Ay ışığını tam aldığı için parlayan ıslak tepemde bir şişe kırıldı. Belki kırılma sesinden hoşlanıldığı için, belki de duygusal bir patlama anı yaşandığı için. Belki de sadece boyutum ve şeklimle alakalıdır her şey. Fiziki bir görüşe sahip değilim, yalnızca anımsıyorum. Yanacak bir canım yok fakat bunun değiştirdiği bir durum da yok. Neden ben?
Elinize sağlık, bilmece tadında bir empati hikayesi olmuş, ben buldum hemen:) Zaten neyim dememeli hiç, ne - neyse yazacak saçma bir şey bulamadım.

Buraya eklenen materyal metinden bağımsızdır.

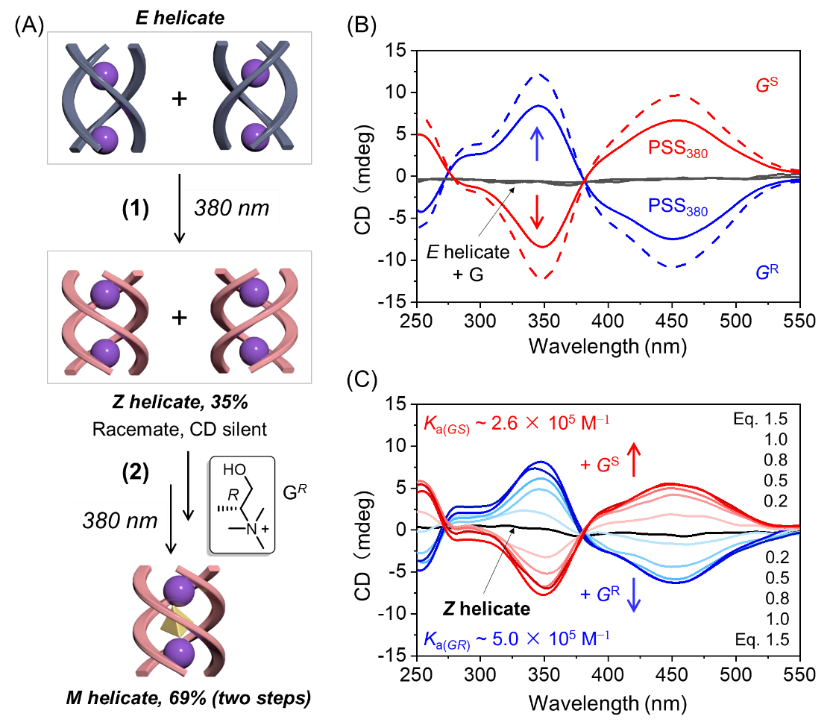 利用外部刺激調(diào)節(jié)超分子手性(如開/關(guān)、強(qiáng)度變化和手性反轉(zhuǎn))不僅有助于理解生命體中的手性行為,而且能夠為設(shè)計傳感、催化和數(shù)據(jù)處理的新型手性光學(xué)材料提供參考方法。鑒于順式三股螺旋體優(yōu)異的客體結(jié)合能力,以α-甲基膽堿衍生物作為手性客體,通過光照和手性客體引發(fā)誘導(dǎo)了同手性三股螺旋體的形成。圓二色光譜(CD)證實了光激發(fā)-手性結(jié)合的串聯(lián)作用對手性三股螺旋體的調(diào)控,如圖3所示。
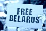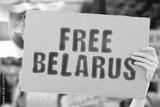 The phrase " Free Belarus " on a banner in men's hand with blurred Belarusian flag on the background. Protest. Riot. Violence. Economic crisis. Collapse. Politics. Streets. Save. Cruelty
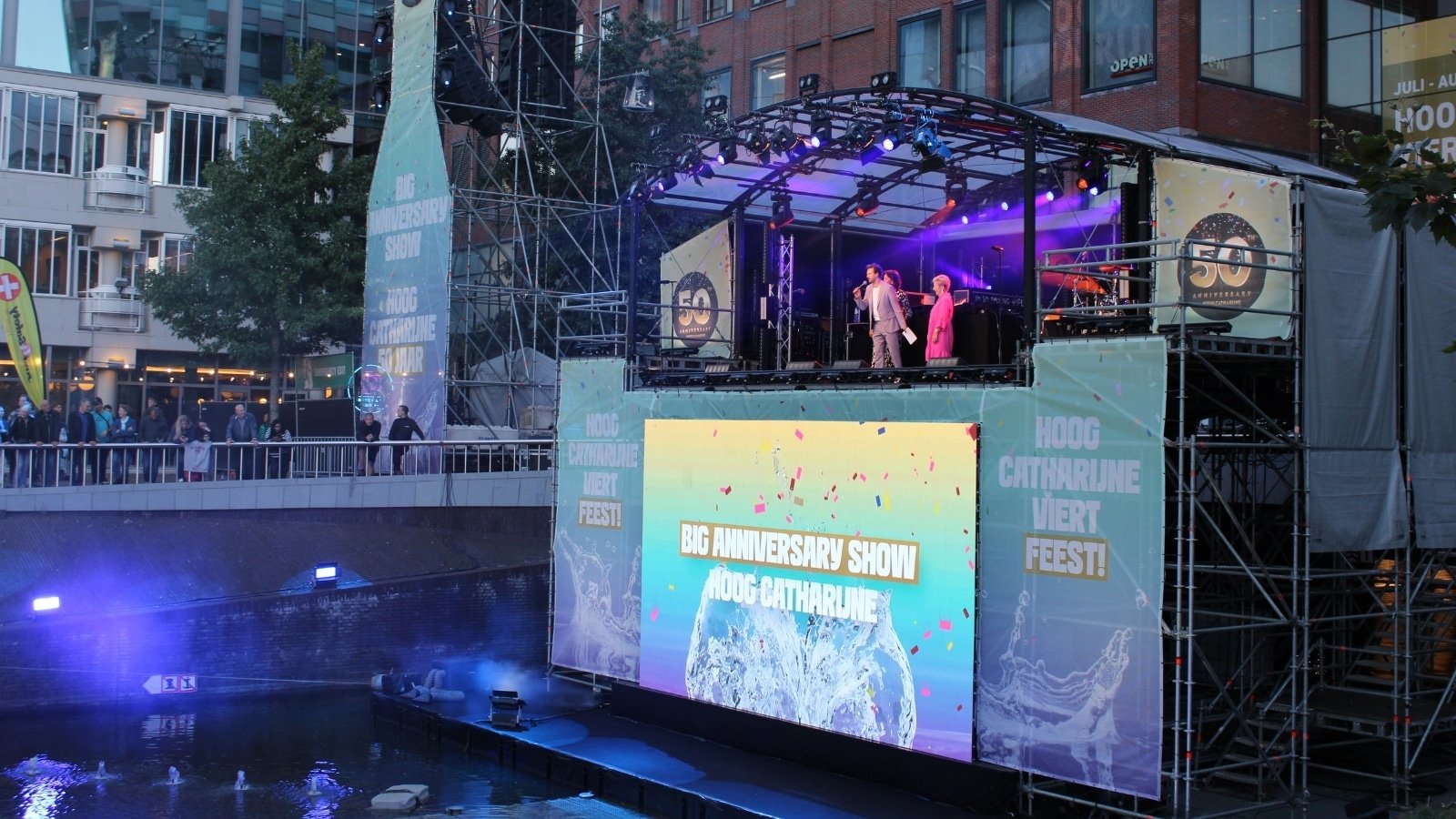 Op het water van de singel, ter hoogte van TivoliVredenburg, vond The Big Anniversary Show plaats: de feestelijke viering van het 50-jarig bestaan van Hoog Catharijne. Precies 50 jaar na de officiële opening door Prinses Beatrix op 24 september 1973, werd dit iconische winkelcentrum, dat jaarlijks meer dan 30 miljoen bezoekers ontvangt, groots in het zonnetje gezet. Voor dit bijzondere moment leverden wij een indrukwekkend LED-scherm van 8,0 × 4,5 meter, gemonteerd op een robuuste Layher-constructie. Omdat de eerste rijen bezoekers op ongeveer 15 meter afstand zaten, kozen we voor een pixel pitch van 3.9 mm, perfect voor haarscherpe weergave en optimale beleving op die afstand. Het scherm fungeerde als visueel middelpunt van het evenement en werd ingezet voor livebeelden, sfeerimpressies en presentaties. Hiermee droeg het sterk bij aan de feestelijke én professionele uitstraling van deze mijlpaal.

Teşekkürler efendim , güzel olmuş, güzel bir dille.
Ben neyim?
Belki bir çiğ tanesi bir sabah çimenlere düşen
Belki de bir kasimpati renkgarenk acarken gülümseyen
Beni sevenler icin bir gülüm belki dikenleri kör
Düşmanıma keskin bir kılınç
Dostuma da mis kokulu bir cay
Belki umudum yeni doğmuş bir bebekte
Belki de yalin ayak bir göçebe...
Neyim ki ben ? Buraya nasıl geldiğimin karmaşasıyla yaşar gidelim, hiçlikler içinde hiçliklerin savurganlığı... faeklı bir bakış..
Emeğinize sağlık...
Ben 'ne' olduğumu bulmaya gidiyorum.